■ **What to produce**
Beginning with the line that holds "ヨーロッパ フラミンゴ" and ending with the last line below, repeat each line exactly, leaving any pictures out.

■ **Data in this exercise**
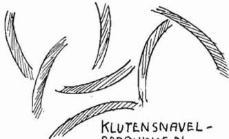
KLUTENSNAVEL- AFDRUKKEN IN HET SLIB
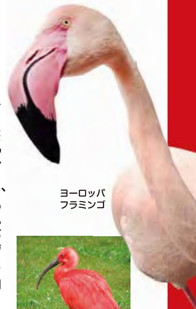
ヨーロッパ フラミンゴ

いろ け ピンク色の「毛」のウサギは残念ながらいません。しかし、アナウサギの赤ちゃんは毛がない状態で生まれてくるので、ピンク色の肌をしています。ハダカデバネズミという動物も毛がないので肌がピンク色に見えます。シロイルカなども薄いピンク色に見えます。これらの動物は肌の色が薄く、体の中を流れる「血」の赤色が透けて見えるためです。ですから、「ピンク色のウサギ」は期間限定でいる、ということになるかもしれませんね。鳥や魚、虫などもピンク色のものがあるそうです。ピンク色である理由は様々ですが、長い長い時間をかけて進化してきた形なんですね。宮崎市フェニックス自然動物園ではきれいなピンク色のフラミンゴやショウジョウトキを見ることが出来ますよ。
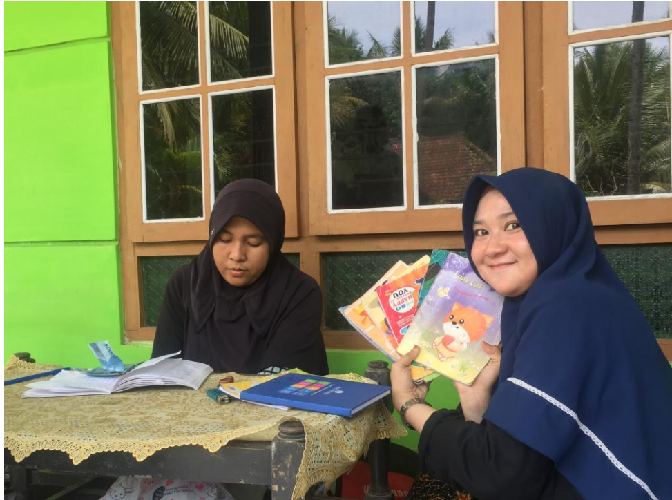
Gambar 1.3 Pelaksanaan Praktik Arisan Bahan Pokok Desa Tulusrejo, Grabag, Purworejo, Jawa Tengah.
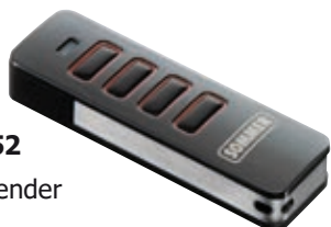
699252 Handsender Pearl
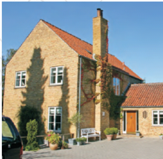
Dansk funktionel villa

Grønt areal kan ikke bebygges, se illustrationsplan
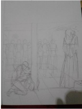
Studi Karya ke-4
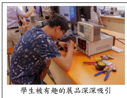
學生被有趣的展品深深吸引

■ **Response below**
ヨーロッパ フラミンゴ

いろ け ピンク色の「毛」のウサギは残念ながらいません。しかし、アナウサギの赤ちゃんは毛がない状態で生まれてくるので、ピンク色の肌をしています。ハダカデバネズミという動物も毛がないので肌がピンク色に見えます。シロイルカなども薄いピンク色に見えます。これらの動物は肌の色が薄く、体の中を流れる「血」の赤色が透けて見えるためです。ですから、「ピンク色のウサギ」は期間限定でいる、ということになるかもしれませんね。鳥や魚、虫などもピンク色のものがあるそうです。ピンク色である理由は様々ですが、長い長い時間をかけて進化してきた形なんですね。宮崎市フェニックス自然動物園ではきれいなピンク色のフラミンゴやショウジョウトキを見ることが出来ますよ。
Gambar 1.3 Pelaksanaan Praktik Arisan Bahan Pokok Desa Tulusrejo, Grabag, Purworejo, Jawa Tengah.
699252 Handsender Pearl
Dansk funktionel villa

Grønt areal kan ikke bebygges, se illustrationsplan
Studi Karya ke-4
學生被有趣的展品深深吸引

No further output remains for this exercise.